Work to be completed: Transcribe the records word for word, beginning with the first line and ending with the line that contains "Konstsmide Bolzano 7594-000"; include nothing else.

[Records from a data source]
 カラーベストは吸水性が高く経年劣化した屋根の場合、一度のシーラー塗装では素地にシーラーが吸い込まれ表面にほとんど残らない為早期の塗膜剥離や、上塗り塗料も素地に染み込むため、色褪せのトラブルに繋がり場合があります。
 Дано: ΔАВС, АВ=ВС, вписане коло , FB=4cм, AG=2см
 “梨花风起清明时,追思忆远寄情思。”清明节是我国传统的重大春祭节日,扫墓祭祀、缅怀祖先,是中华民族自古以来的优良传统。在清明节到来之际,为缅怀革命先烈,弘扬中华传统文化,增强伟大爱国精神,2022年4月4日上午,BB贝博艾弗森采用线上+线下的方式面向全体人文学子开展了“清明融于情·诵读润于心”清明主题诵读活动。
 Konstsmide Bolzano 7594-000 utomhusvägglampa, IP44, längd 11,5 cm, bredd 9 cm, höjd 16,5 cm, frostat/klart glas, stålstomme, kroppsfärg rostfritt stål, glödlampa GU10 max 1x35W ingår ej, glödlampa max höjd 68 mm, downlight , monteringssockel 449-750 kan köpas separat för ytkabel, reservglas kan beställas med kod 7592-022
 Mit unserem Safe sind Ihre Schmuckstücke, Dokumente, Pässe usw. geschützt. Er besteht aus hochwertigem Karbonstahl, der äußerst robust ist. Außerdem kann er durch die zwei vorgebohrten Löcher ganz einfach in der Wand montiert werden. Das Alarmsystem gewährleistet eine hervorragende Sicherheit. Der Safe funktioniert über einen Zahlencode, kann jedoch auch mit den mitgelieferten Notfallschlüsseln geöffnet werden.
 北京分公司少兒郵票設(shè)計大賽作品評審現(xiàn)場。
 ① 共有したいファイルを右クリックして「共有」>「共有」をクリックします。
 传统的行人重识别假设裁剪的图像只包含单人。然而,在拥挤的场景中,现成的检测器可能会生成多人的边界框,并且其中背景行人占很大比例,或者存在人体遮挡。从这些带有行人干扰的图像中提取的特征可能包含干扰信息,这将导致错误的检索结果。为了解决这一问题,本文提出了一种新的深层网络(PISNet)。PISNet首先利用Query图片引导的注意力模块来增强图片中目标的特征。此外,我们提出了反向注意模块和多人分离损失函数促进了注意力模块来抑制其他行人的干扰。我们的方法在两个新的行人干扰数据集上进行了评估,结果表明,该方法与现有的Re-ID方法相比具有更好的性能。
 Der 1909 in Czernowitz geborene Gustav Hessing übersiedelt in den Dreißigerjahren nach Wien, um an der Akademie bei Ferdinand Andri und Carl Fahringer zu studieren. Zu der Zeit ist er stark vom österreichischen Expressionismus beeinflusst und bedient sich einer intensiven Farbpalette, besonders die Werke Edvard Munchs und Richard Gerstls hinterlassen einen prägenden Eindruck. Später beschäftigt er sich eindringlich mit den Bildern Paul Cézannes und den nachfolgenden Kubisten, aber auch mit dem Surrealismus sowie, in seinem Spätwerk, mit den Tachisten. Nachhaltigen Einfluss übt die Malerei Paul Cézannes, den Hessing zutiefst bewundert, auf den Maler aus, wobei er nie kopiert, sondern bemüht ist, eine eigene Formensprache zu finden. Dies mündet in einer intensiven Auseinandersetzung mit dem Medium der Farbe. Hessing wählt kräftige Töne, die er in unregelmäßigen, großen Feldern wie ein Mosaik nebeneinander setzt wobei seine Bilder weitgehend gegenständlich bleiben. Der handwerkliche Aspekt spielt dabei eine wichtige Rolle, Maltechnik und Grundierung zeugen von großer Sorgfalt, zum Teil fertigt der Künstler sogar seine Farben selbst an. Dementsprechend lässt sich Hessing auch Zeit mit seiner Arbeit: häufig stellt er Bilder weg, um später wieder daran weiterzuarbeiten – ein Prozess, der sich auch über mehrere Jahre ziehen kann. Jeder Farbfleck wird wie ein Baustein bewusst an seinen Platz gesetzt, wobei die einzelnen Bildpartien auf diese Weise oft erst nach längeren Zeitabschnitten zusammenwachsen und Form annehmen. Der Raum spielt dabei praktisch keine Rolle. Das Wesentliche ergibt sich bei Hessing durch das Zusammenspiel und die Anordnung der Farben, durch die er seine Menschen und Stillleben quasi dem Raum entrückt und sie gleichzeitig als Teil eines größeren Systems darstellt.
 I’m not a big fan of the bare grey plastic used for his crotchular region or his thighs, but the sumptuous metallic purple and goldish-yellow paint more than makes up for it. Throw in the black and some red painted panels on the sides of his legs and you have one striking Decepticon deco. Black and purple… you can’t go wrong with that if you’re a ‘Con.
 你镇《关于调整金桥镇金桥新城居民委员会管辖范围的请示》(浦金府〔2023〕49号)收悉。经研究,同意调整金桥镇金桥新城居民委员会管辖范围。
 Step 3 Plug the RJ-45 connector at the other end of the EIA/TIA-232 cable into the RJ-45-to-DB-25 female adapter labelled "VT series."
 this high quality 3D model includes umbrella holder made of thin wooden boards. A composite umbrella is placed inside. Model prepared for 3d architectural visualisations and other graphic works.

Written solution:
 カラーベストは吸水性が高く経年劣化した屋根の場合、一度のシーラー塗装では素地にシーラーが吸い込まれ表面にほとんど残らない為早期の塗膜剥離や、上塗り塗料も素地に染み込むため、色褪せのトラブルに繋がり場合があります。
 Дано: ΔАВС, АВ=ВС, вписане коло , FB=4cм, AG=2см
 “梨花风起清明时,追思忆远寄情思。”清明节是我国传统的重大春祭节日,扫墓祭祀、缅怀祖先,是中华民族自古以来的优良传统。在清明节到来之际,为缅怀革命先烈,弘扬中华传统文化,增强伟大爱国精神,2022年4月4日上午,BB贝博艾弗森采用线上+线下的方式面向全体人文学子开展了“清明融于情·诵读润于心”清明主题诵读活动。
 Konstsmide Bolzano 7594-000 utomhusvägglampa, IP44, längd 11,5 cm, bredd 9 cm, höjd 16,5 cm, frostat/klart glas, stålstomme, kroppsfärg rostfritt stål, glödlampa GU10 max 1x35W ingår ej, glödlampa max höjd 68 mm, downlight , monteringssockel 449-750 kan köpas separat för ytkabel, reservglas kan beställas med kod 7592-022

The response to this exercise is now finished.